What is being asked:
What is needed is an exact copy of the lines from the one containing "서울 강서구의 K약사는" through the last line of the records below, with no pictures.

Data:

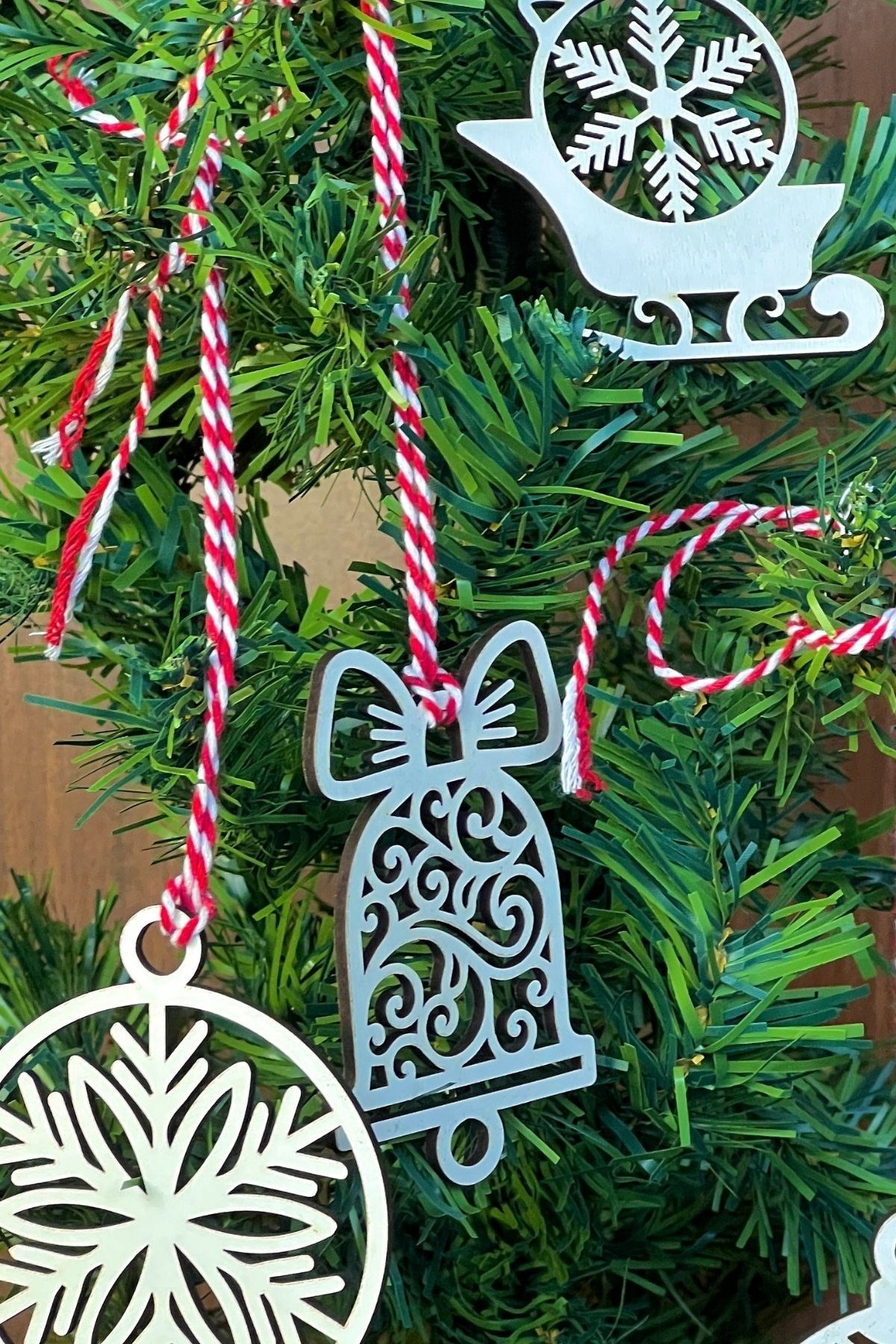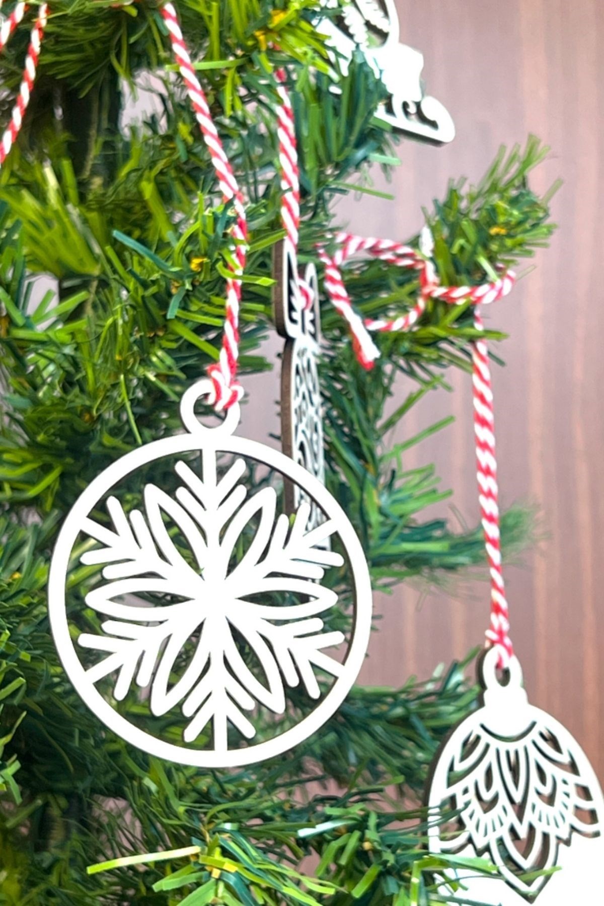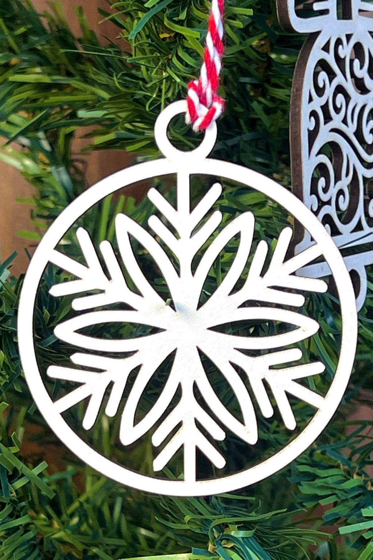 10 Parça Kırmızı Beyaz İpli Karışık Model Ahşap Yılbaşı Ağaç Süsü 🎄✨
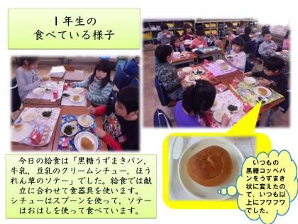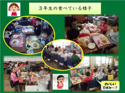 今日は月に数回のパンの日です。3年生と1年生の教室では,おかずのおかわりにたくさん並んでいたり,パンのおかわりをするのにジャンケンをしたりと,みんな食欲旺盛です。担任の先生も「食器が変わると食べる前から美味しそうに見えるね」と子どもたちもうなずいていました。全校で残菜がほぼゼロが2日続き,子どもたちの食べる意欲に作り手の給食調理員さん達も作りがいがあると話されていました。
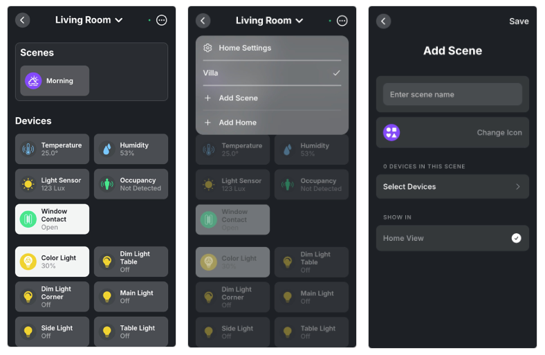 Another way to create scenes is with a “what you see is what you get” approach. When you are selecting devices to be included in a scene, they are automatically set to their current values. This means that you can also set the desired ambient in the room, then add a scene - thus “saving” your current desert ambient in the room without any further configuration required.
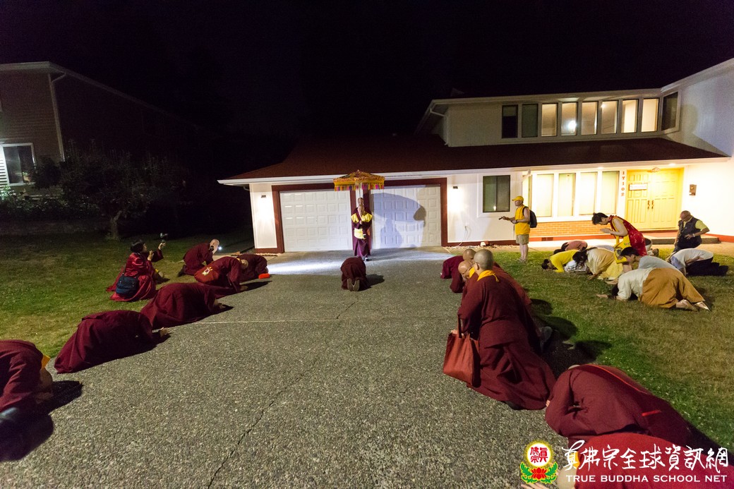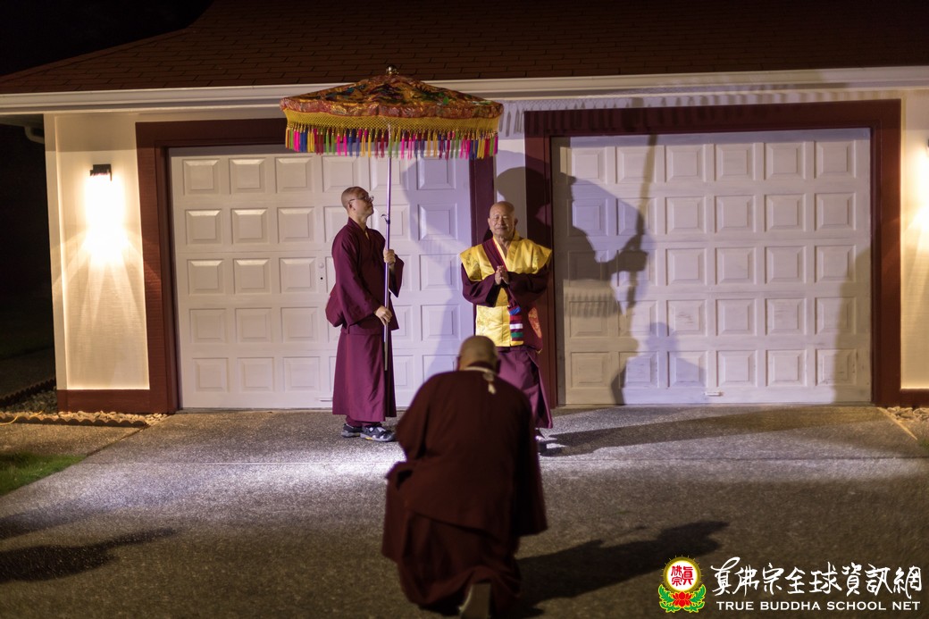 今晚祖廟周六同修的是準提佛母本尊法。咒音響起,莊嚴的迎師隊前往真佛密苑恭迎聖尊蓮生活佛盧勝彥主壇同修暨講授道果。
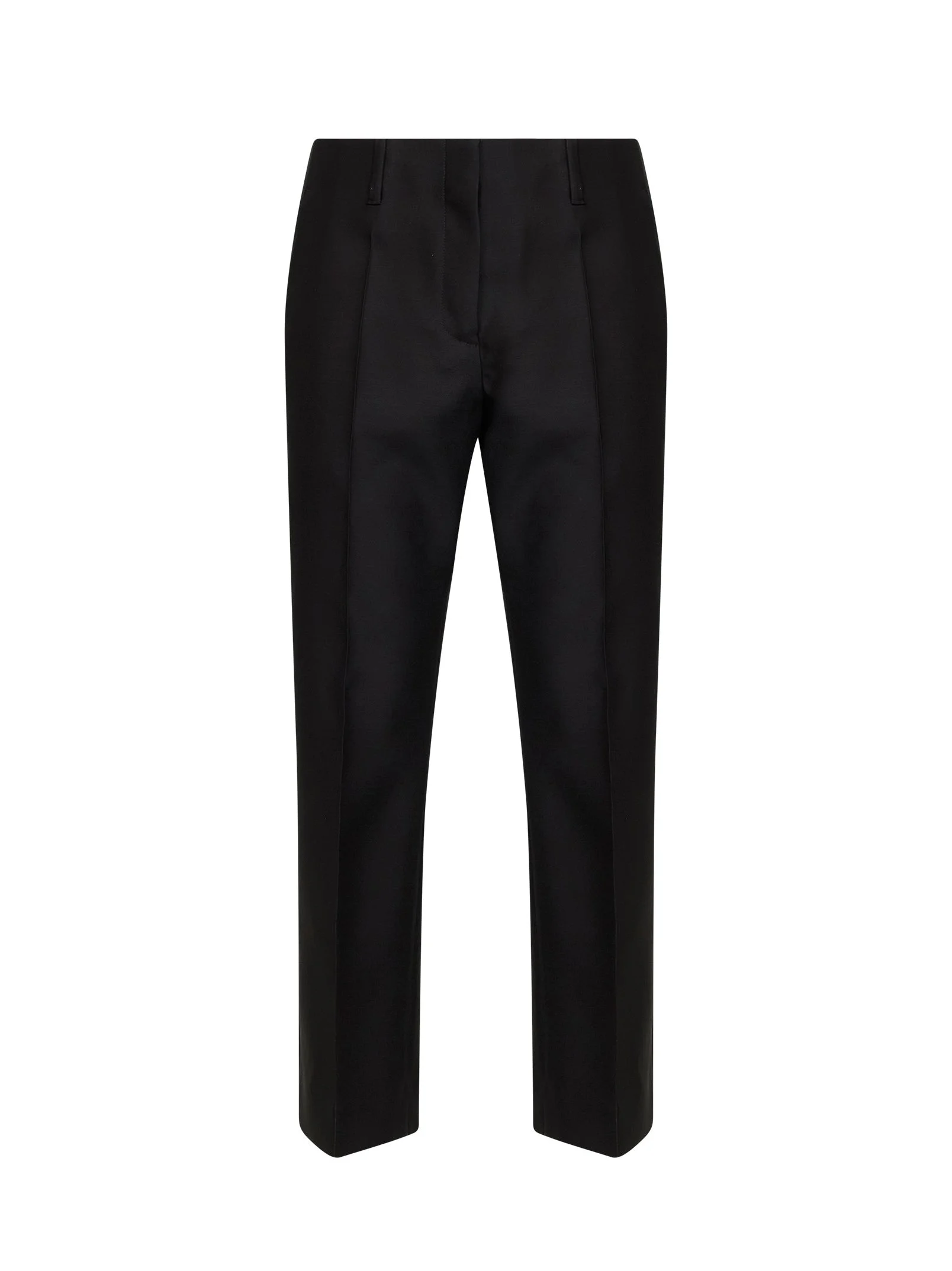 - Front zip-fly and hook closure - Waist with belt loops - Side pockets, back welt pockets - Flared bottom - Pintucked - Cropped cut - Fitted fit - Black color - 71% wool, 29% silk - Made in hungary Natural (Veg): Cotton57 % Synthetic: Acetate43 % Made in: Hungary Season: P26 0109183305900
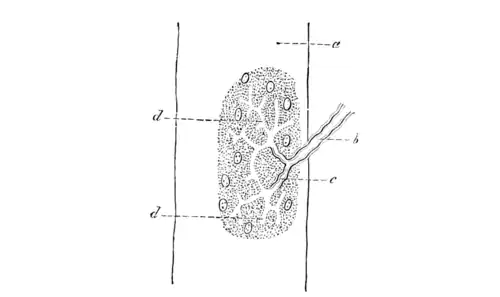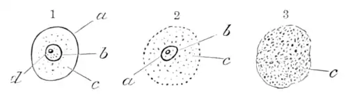 Fig. 44.—1. Original conception of a cell, a, cell wall; b, nucleus; c, cell substance or cell contents; d, smaller body, called a nucleolus. 2. Cell wall has disappeared, b, nucleus; c, nucleolus; c, cell substance or contents. 3. Modern view. Cell now consists of granular matter often showing a delicate network of fine fibres.
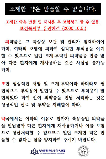 서울 강서구의 K약사는 "조제약 환불이 불가하다는 포스터를 게시했는데도 고객들과 얼굴을 붉혀야 하는 경우가 많다"며 "정부에서 조제약 환불이 불가하다는 정책 홍보를 하면 좋겠다"고 말했다.
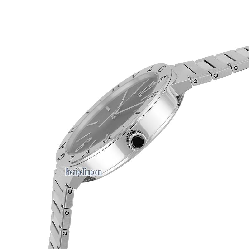 • Polished steel bezel engraved with the iconic BVLGARI•BVLGARI logo.
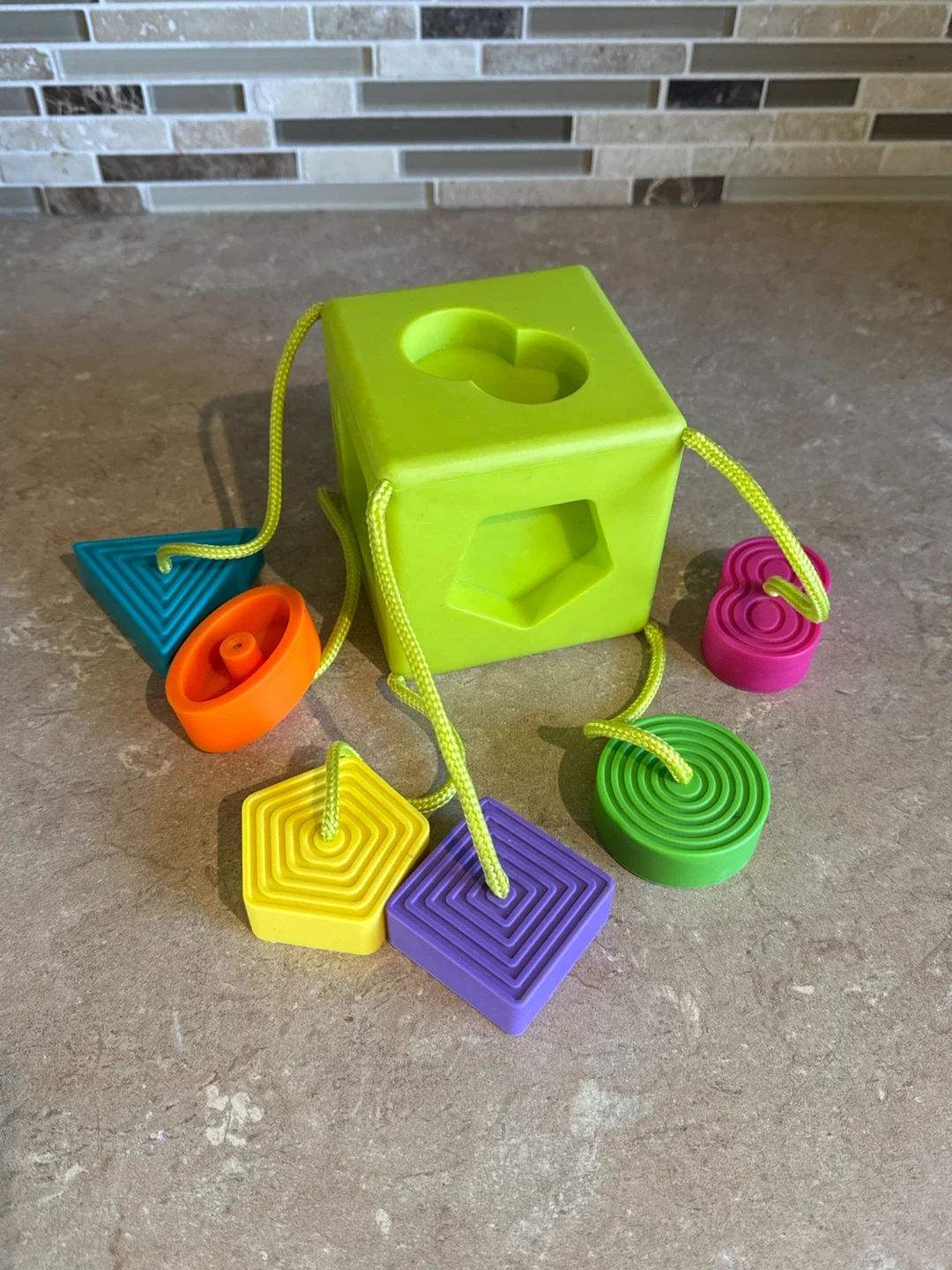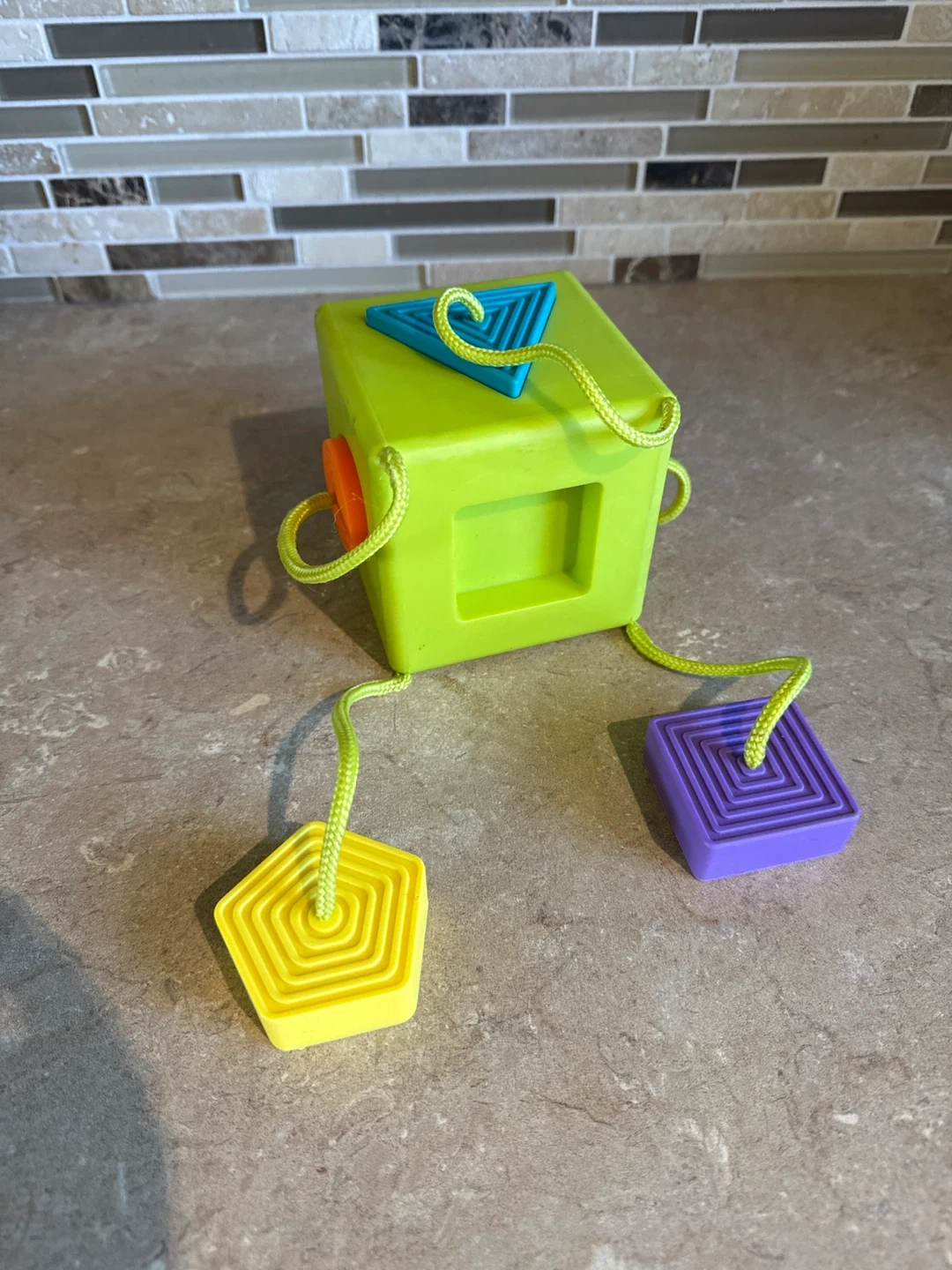 This shape sorter cube is a fun and educational toy for toddlers! It helps develop fine motor skills and shape recognition. The cube comes with various colourful shapes that fit into corresponding holes. It's in great condition and ready for a new home!

Answer for the task:
 서울 강서구의 K약사는 "조제약 환불이 불가하다는 포스터를 게시했는데도 고객들과 얼굴을 붉혀야 하는 경우가 많다"며 "정부에서 조제약 환불이 불가하다는 정책 홍보를 하면 좋겠다"고 말했다.
 • Polished steel bezel engraved with the iconic BVLGARI•BVLGARI logo.
 This shape sorter cube is a fun and educational toy for toddlers! It helps develop fine motor skills and shape recognition. The cube comes with various colourful shapes that fit into corresponding holes. It's in great condition and ready for a new home!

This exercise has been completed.